A parallel plate capacitor has a capacitance of 6 x 10⁻¹² F and a charge of 0,3 x 10⁶ C on each one of the identical metal plates - NSC Technical Sciences - Question 8 - 2023 - Paper 1

The capacitance is directly proportional to the charge on the plates. This can be expressed mathematically as:

$C \propto Q$

where $C$ is the capacitance and $Q$ is the charge.

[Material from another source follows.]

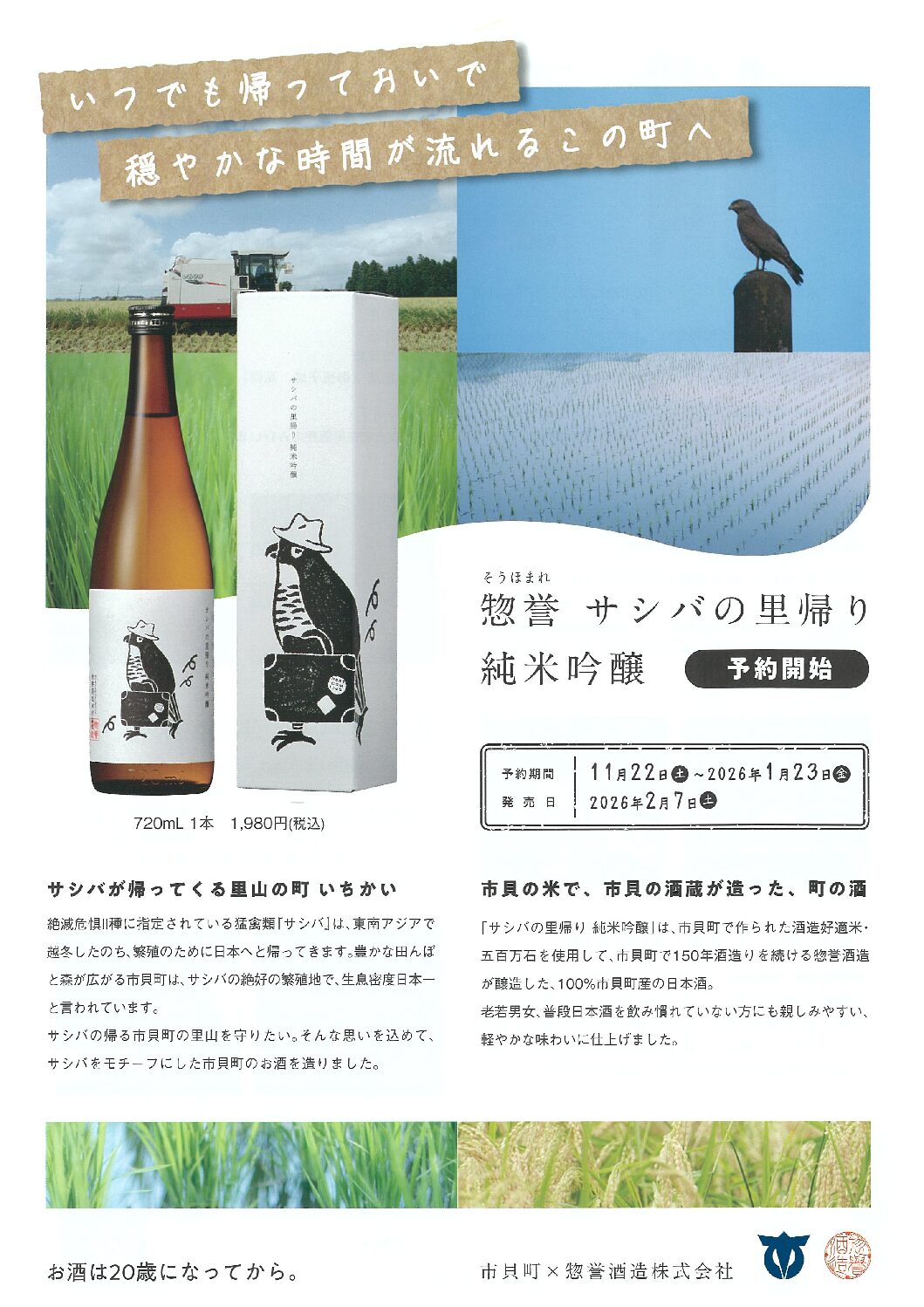 惣誉×市貝町 サシバの里帰り 純米吟醸720ml 予約受付中です! サシバの里帰り 予約期間:11月22日(土)~2026年1月23日(金) 発売日(お渡し開始):2026年2月7日(土) 価格:1本 1,980円( …

Using the formula for capacitance:

$C = \frac{Q}{V}$

we can rearrange to find the potential difference $V$:

$V = \frac{Q}{C}$

Substituting the values:

$V = \frac{0,3 \times 10^{-6} C}{6 \times 10^{-12} F} = 50,000 V = 50 kV$

Using the formula for capacitance in terms of area and distance:

$C = \varepsilon_0 \frac{A}{d}$

Where:

• $C$ is the capacitance
• $\varepsilon_0$ (permittivity of free space) = $8.85 \times 10^{-12} \text{ F/m}$
• $A$ is the area of one plate
• $d$ is the separation between the plates (5 cm = 0.05 m)

Rearranging for $A$ gives:

$A = C \cdot \frac{d}{\varepsilon_0}$

Substituting the known values:

$A = 6 \times 10^{-12} F \cdot \frac{0.05 m}{8.85 \times 10^{-12} F/m} \approx 3.39 \times 10^{-2} m^2$